Many TODOs ahead, but it's a start.  I'll continue to work on it as I have time.  nrpeter@, feel free to coordinate with me if you want to take it over or help with some of the other aspects.

Comment 3 by creis@chromium.org, Nov 28 2017

Owner: creis@chromium.org
Status: Started (was: Assigned)
I'm making a bit of progress on it, getting it to be less disruptive, a bit at a time.
Project Member

Comment 4 by bugdroid1@chromium.org, Dec 6 2017 

The following revision refers to this bug:
  https://chromium.googlesource.com/chromium/src.git/+/358baf47af51727d835c322b572d377d9be494f2

commit 358baf47af51727d835c322b572d377d9be494f2
Author: Charles Reis <creis@chromium.org>
Date: Wed Dec 06 05:30:43 2017

Block cross-site document responses in Site Isolation modes.

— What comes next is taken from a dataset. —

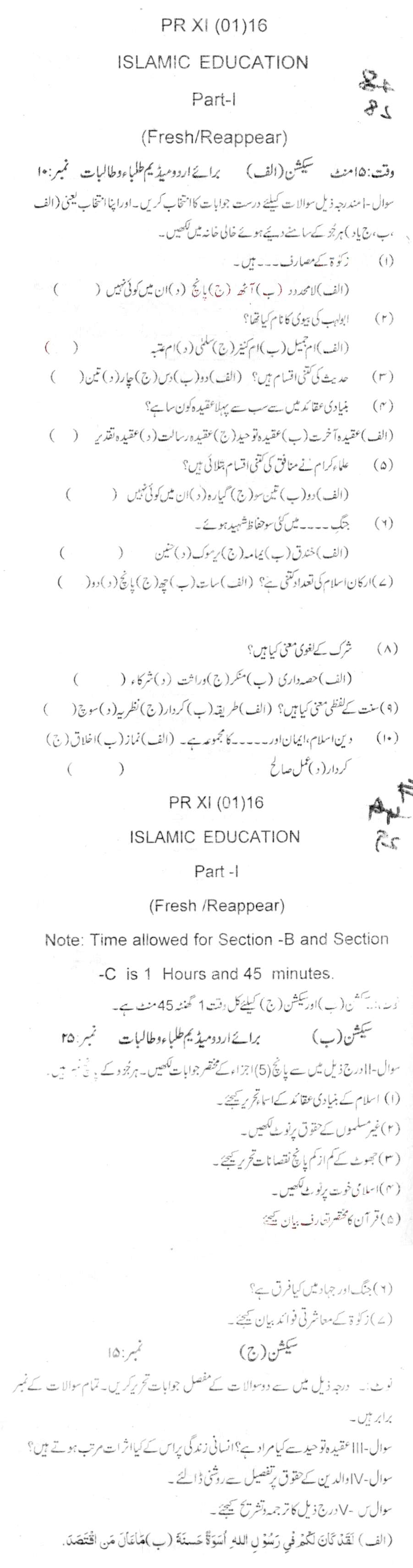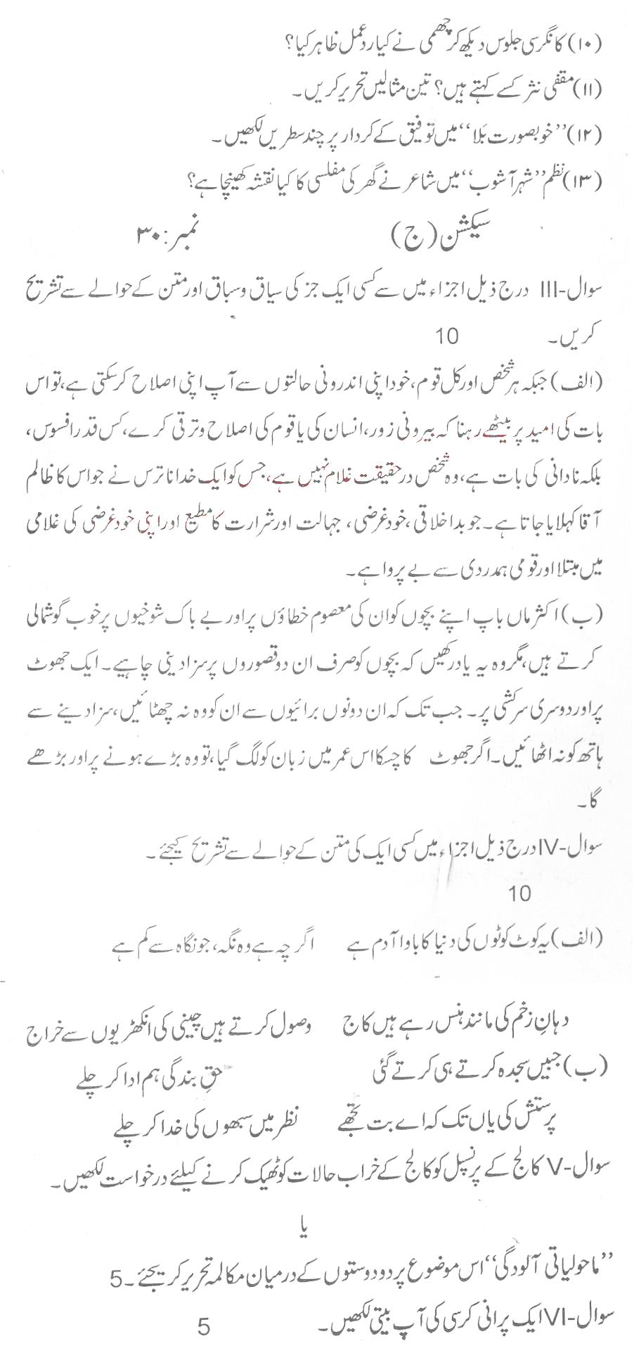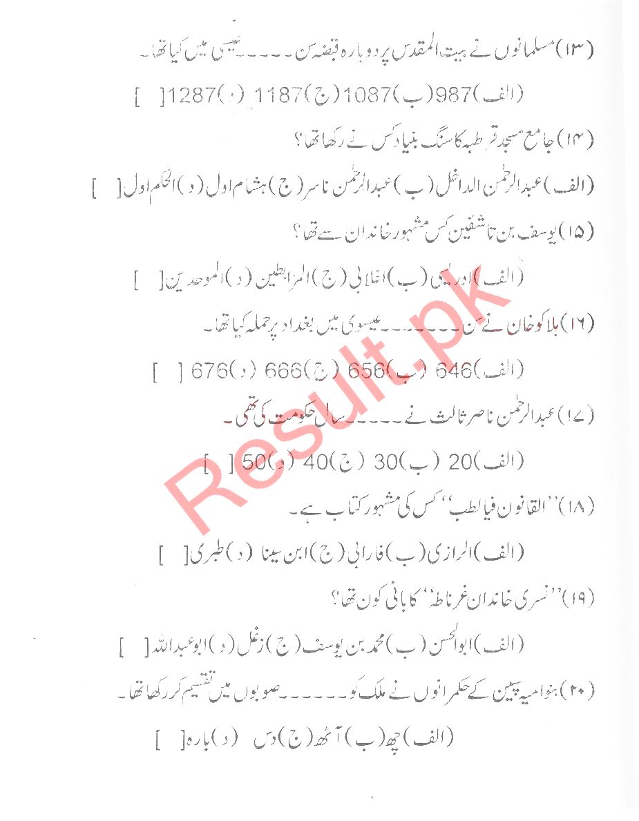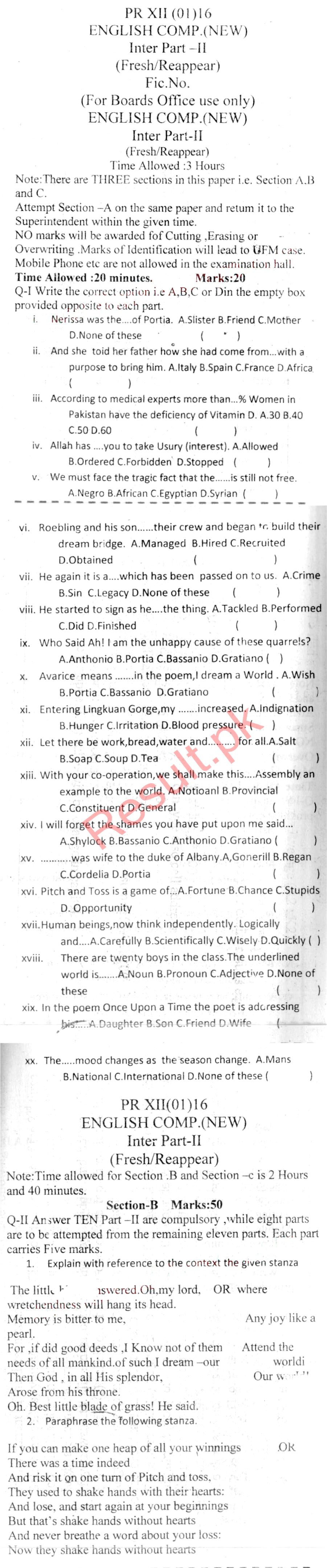 Bise Dikhan pastpaper 2016 12th class

When using --isolate-origins=... or  --site-per-process, some or all sites will
be given dedicated processes.  Documents (HTML, XML, and some text
files) and other opaque formats (JSON) from such sites should not be
delivered to cross-site pages in the renderer process unless they are made
available via CORS or another exception.

This CL adds a ResourceHandler to enforce this restriction in the browser
process.  The handler inspects the response headers and decides whether
to block it from reaching the renderer process.  It also sniffs the content to
confirm the response is labeled correctly, to avoid blocking things like
JavaScript mislabeled as HTML or JSON.

Blocked responses are sent back as empty response bodies rather than as
a network error, to ensure existing behavior does not change.  Other
cross-site responses (e.g., images, scripts, etc) are still allowed.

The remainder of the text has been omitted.